3. **Reward Processing:** Vanilla GRPO uses raw rewards directly. Training-free GRPO filters rewards (✓/✗) and processes them through summarization and extraction steps using LLMs.
4. **Update Target:** The update in (a) targets the model's parameters. The update in (b) targets an external memory (`experiences`).
5. **Controller:** The `controller` is a unique component in (b), suggesting a mechanism for curating the experience database through discrete operations (add, delete, keep, modify).
### Interpretation
This diagram contrasts two paradigms for improving LLM-based agents via reinforcement learning.
* **Vanilla GRPO** represents a traditional **parametric learning** approach. The agent (policy model) improves by directly adjusting its internal weights based on computed advantages from a reward model. This is analogous to standard policy gradient methods.
* **Training-free GRPO** represents a **non-parametric or retrieval-augmented learning** approach. The agent's core model is frozen. Instead of changing weights, it improves by maintaining and updating an external database of "experiences." The system uses frozen LLMs to reason about groups of outcomes, summarize them, and extract textual lessons, which are then stored. The `controller` acts as a manager for this experience bank.

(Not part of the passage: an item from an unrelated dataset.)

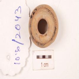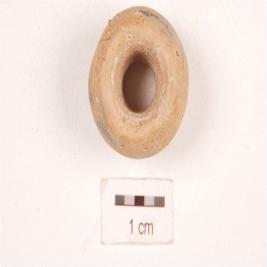 | Description / विवरण | A handmade terracotta bead, ghat like shape, circular in section, transverse perforation, well baked, surface treated with dull red slip. |

The key implication is that Training-free GRPO aims to achieve adaptation and learning without the computational cost and potential instability of backpropagation-based training. It shifts the learning burden from model parameters to a structured memory system, potentially offering more interpretable and controllable updates (via the controller's discrete actions). The use of LLMs for summarization and extraction suggests the system leverages the model's existing reasoning capabilities to create high-level, textual knowledge from raw experiences.